Recent secondary recovery water injection step rate tests have proven to be particularly useful in characterizing the time & pressure dependent stress state of Maari Field. Although Maari Field was initially developed with three inclined water injection wells, these ultimately failed to maintain reservoir pressure in the field which had become variably depleted by more than 1000psi from initial hydrostatic conditions. The question of where all the original injected water went is a separate geomechanics conundrum beyond the scope of this discussion, however, because the original injection strategy was to maximize volume injected, it is possible that stability of nearby faults or fractures could have been compromised. Essentially, such faults and fractures could have become thief zones for the injected water in a manner similar to drilling mud losses from perturbing intersected faults and fractures.
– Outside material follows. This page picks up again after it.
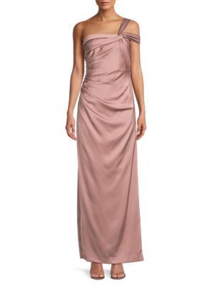 فستان عامودي من الساتان بكتف واحد

The original three injectors were abandoned and sidetracked to become infill oil producers in 2014. Also in 2014, a watered out horizontal production well on the west flank of the field was converted for use as a flank water injector and has been successful thus far at starting to restore reservoir pressure to at least one nearby production well. Water injection in this well is designed to be conducted carefully at matrix conditions in order to initiate a flank water front that moves through the reservoir sands rather than fractures or faults. Injection pressure strategy is determined by step rate injection tests conducted at different points in time since 2014 and at different ambient reservoir pressures. These tests have been used to define the stress path of minimum horizontal stress evolution with pore pressure changes in Maari Field caused by ongoing oil production and water injection.
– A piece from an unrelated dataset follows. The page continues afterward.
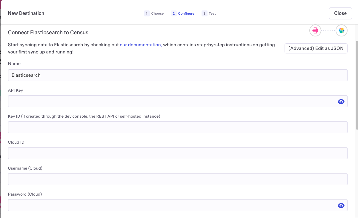 Activations needs the following information to create an Elasticsearch cloud connection:

Understanding stress path evolution also helps decide which fault orientations could be most problematic through the life of the field. For original hydrostatic conditions at Maari, vertical stress (Sv) is about the same magnitude as the maximum horizontal stress (SHmax) and both are greater than the minimum horizontal stress (Shmin). This defines a transitional stress regime comprised of both normal and strike-slip faults. 3D seismic data corroborates this, confirming two recently active fault sets, one normal and one strike-slip. During Maari stress evolution, Sv will likely remain constant. Both SHmax and Shmin will diminish during depletion and increase with sufficient water injection (at least locally). For the depletion scenario, a normal faulting stress state prevails; relative stress magnitudes are Sv > SHmax > Shmin. For localized increases in pore pressure above hydrostatic due to water injection, the stress state returns to the original transitional state or possibly a strike-slip stress regime prevails with relative stress magnitudes; SHmax > Sv > Shmin.
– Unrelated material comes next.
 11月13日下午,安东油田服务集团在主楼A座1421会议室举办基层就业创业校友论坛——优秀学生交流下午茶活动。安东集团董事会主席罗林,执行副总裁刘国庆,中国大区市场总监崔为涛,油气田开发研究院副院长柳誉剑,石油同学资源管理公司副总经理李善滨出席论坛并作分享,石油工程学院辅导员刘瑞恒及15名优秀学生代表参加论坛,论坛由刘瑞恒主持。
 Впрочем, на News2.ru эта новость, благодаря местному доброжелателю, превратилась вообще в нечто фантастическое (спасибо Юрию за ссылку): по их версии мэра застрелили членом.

By characterizing the production/injection stress evolution of Maari Field through step rate injection testing, we were able to quantify the absolute magnitudes of the horizontal principal stresses, which provided new information to quantify the natural fracture gradient to avoid pressures that could destabilize faults and fractures while drilling through variably depleted reservoir compartments. For instance, step-rate injection operations at initial, depleted, and injection-charged conditions have documented a non-linear stress path that has become a predictive tool for quantifying Shmin and SHmax stress magnitudes. It appears that at depletion conditions, the faults are likely to be relatively stable. However, during injection operations, the stress state is such that active normal faulting and strike-slip faulting can be supported because injection pressures produces a critical stress state transitional between active normal faulting and active strikes-slip faulting. The implications of this stress-pressure evolution may likely impact drilling and reservoir modeling.